Выбрать главу

В маленькой горнице, почти всю ее занимая, стоял могучий, высокий старик в широкой бараньей шубе, накинутой на плечи, в розовой ситцевой рубахе, пестрядинных портах, белых с голубою полоскою, онучах и валенках. Широкая, совсем белая борода веером ложилась на его грудь. Черты лица были грубы, но и величаво красивы. Позади него была маленькая старушка с волосами, накрытыми темным платком.

В хате было два покоя — две комнатки, отделенные одна от другой деревянною переборкой, не доходившей до потолка. В первой комнате была большая печь с лежанкой, с широким устьем, с заслонами и большою, суживающеюся кверху белою трубою. Стены были глиняные, беленые. В красном углу божница осталась, но висевшие рядом с нею портреты, должно быть царские, были сняты. Там серели пятна въевшейся за ними пыли. Простой липовый стол, лавки, полка с посудой, все было чисто, опрятно, очень просто, почти бедно.

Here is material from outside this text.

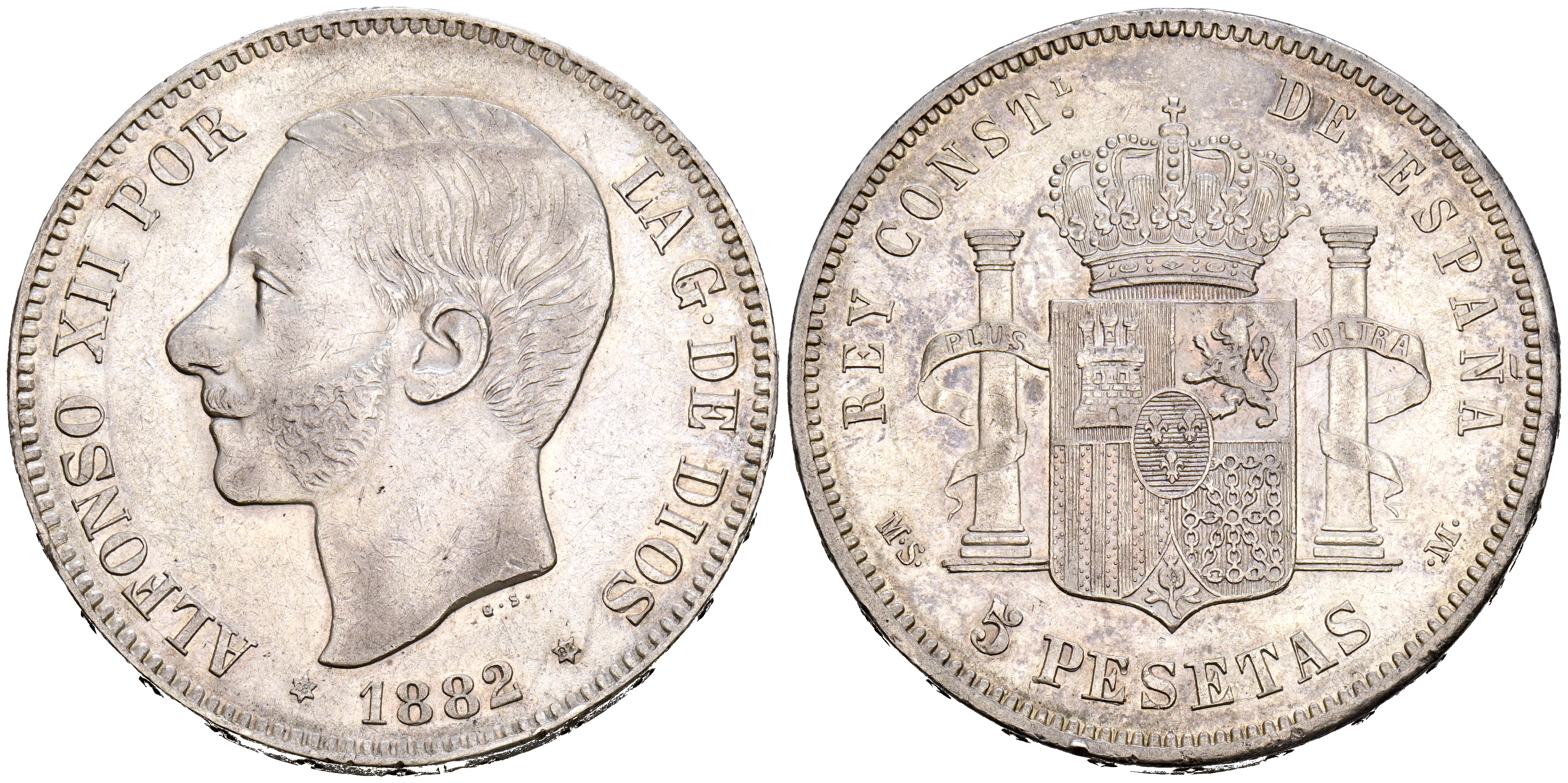 ALFONSO XII (1874-1885). 5 Pesetas. (Ar. 24,63g/37mm). 1882/1 *18-82/1. Madrid MSM. (Cal-2019-46). EBC-. Escasa.

Валентину Петровну пригласили в соседнюю горенку.

— Здесь вам поспокойнее будет, — сказала старушка.

В горницу вела узкая дверка, занавешенная ситцевой занавеской. Комната была совсем маленькая. В ней, у стены, стояла высокая постель, казавшаяся квадратной, так она была коротка. На постели лежало розовое стеганое одеяло и на нем, занимая всю постель, в три ряда аккуратно были разложены подушки без наволочек.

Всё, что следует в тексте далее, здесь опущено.